Как всякий охотник, охотовед был с ружьем, с патронташем на поясе. Всегда, когда приходилось встречаться с этим сорокалетним человеком, Артюшин испытывал особое чувство расположения к нему. Щербаков был из тех, которые когда-то отслужили действительную службу на этой заставе да так и остались жить в пограничной зоне, в деревне Каменюки. Сам Артюшин полюбил за два года пущу, ее огромные просторы и очень понимал таких людей, как Щербаков, и, зная, как непостоянна судьба офицера-пограничника, даже завидовал Щербакову, тому, что человек этот всегда будет жить вблизи пущи. Это спокойствие в разговоре, этот вид отправившегося на охоту человека - все говорило о том, что охотник, хоть ему и очень редко приходится стрелять, счастлив.
- Как собачки? Ничего не выдали? - спросил Артюшин, помня, что еще день назад охотоведу передали двух охотничьих собак. Собаки гнали косуль, эти собаки принадлежали браконьерам, поскольку охота запрещена не только в заповеднике, но и во всей пограничной зоне. Сержант Марат Галиев и ефрейтор Леонид Бонк, находившиеся в наряде, видели, как собаки загнали косуль в проволоку заграждения и сами запутались. Галиев и Бонк взяли собак на ремень и передали охотоведам заповедника, чтобы те опознали, чьи это собаки.
- Уже нашли,- коротко отвечал Щербаков.- Сообщили в лесную охрану.
И хотя спокойным и кратким был ответ, Артюшин знал, сколько подлинного волнения несут подобные происшествия таким людям, как Щербаков. Значит, уже сообщили в лесную охрану… Значит, другой такой же знаток пущи, ревностный хранитель ее богатств Алексей Ворона, работающий в лесной охране, взялся за браконьеров.

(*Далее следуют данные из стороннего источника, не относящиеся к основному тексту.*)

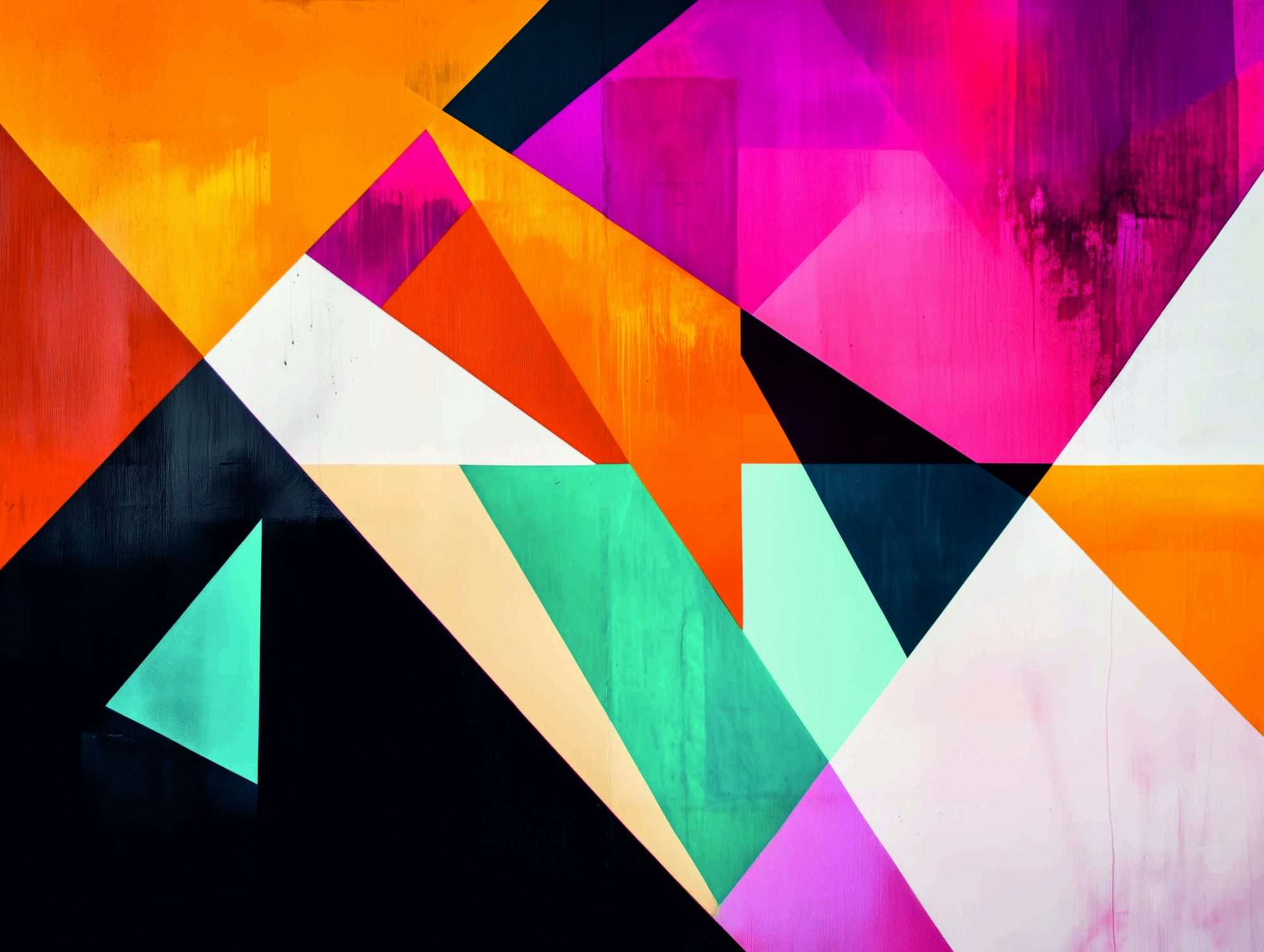 Dit fotobehang toont een abstract kunstwerk opgebouwd uit een dynamische combinatie van geometrische vormen en contrasterende kleurvlakken. De compositie bestaat uit driehoeken, diagonale lijnen en scherpe vlakken die elkaar kruisen en overlappen. Hierdoor ontstaat een visueel sterk beeld met een duidelijke grafische structuur.

В чем- то очень схожи были судьбы этих людей -Щербакова и Вороны. И Ворона тоже, отслужив действительную службу на заставе сразу после войны, остался охранять просторы Беловежи. «Я охраняю границу в пуще,- подумалось с радостью отгадывания Артюшину,- они охраняют пущу». А на самом деле и они, Щербаков и Ворона, бывшие пограничники, и по сей день остаются пограничниками. Оба в добровольной пограничной дружине, оба знают пущу, окрестные села, жителей приграничья - и сразу определяют любого незнакомца. Совсем недавно помог задержать нарушителя Николай Щербаков. А Вороне иногда приходится выходить прямо к КСП и сообщать наряду, если покажется ему что-нибудь подозрительным: то ли следы вблизи полосы, то ли незнакомые люди.
Неразговорчивый охотовед попросил высадить его из машины, Артюшин все медлил закрывать дверцу, и казался ему уходящий в чащу охотовед с ружьем на плече - нестареющим солдатом, пограничником с его заставы. «Я охраняю границу в пуще,- вновь подумалось Артюшииу,- они охраняют пущу».
Вскоре машина выскочила на простор, и уже не синий канал неба, а беспредельная синева была над дорогой, над всей землей. Под этим радостным небом, мимо нескончаемой череды деревьев вдоль дороги - туда, туда, к шлагбауму. Именно оттуда, с поста у шлагбаума, дали знать, что постовые бросились вдогонку за охотником, и кто он - Артюшин пока не знал. Всегда, стоило ему услышать об охотниках, браконьерах в заповедной пуще, гнев наполнял его. Сам тайно мечтающий о свободной охоте в здешней местности, о знобящих охотничьих зорях, об удачных засадах и погонях, он все-таки довольствовался тем, что наводил на зверя, на птицу линзу фотоаппарата. И не убивал красоту, и сознавал, как прекрасно жить в этом заповедном краю, охраняя не только границу, охраняя и пущу. Пуща была для него средоточием красоты, и олений трубный рев по весне, трава зубровка, следы косуль на ровном снегу - все рассказывало ему о богатой земле, все привораживало душу…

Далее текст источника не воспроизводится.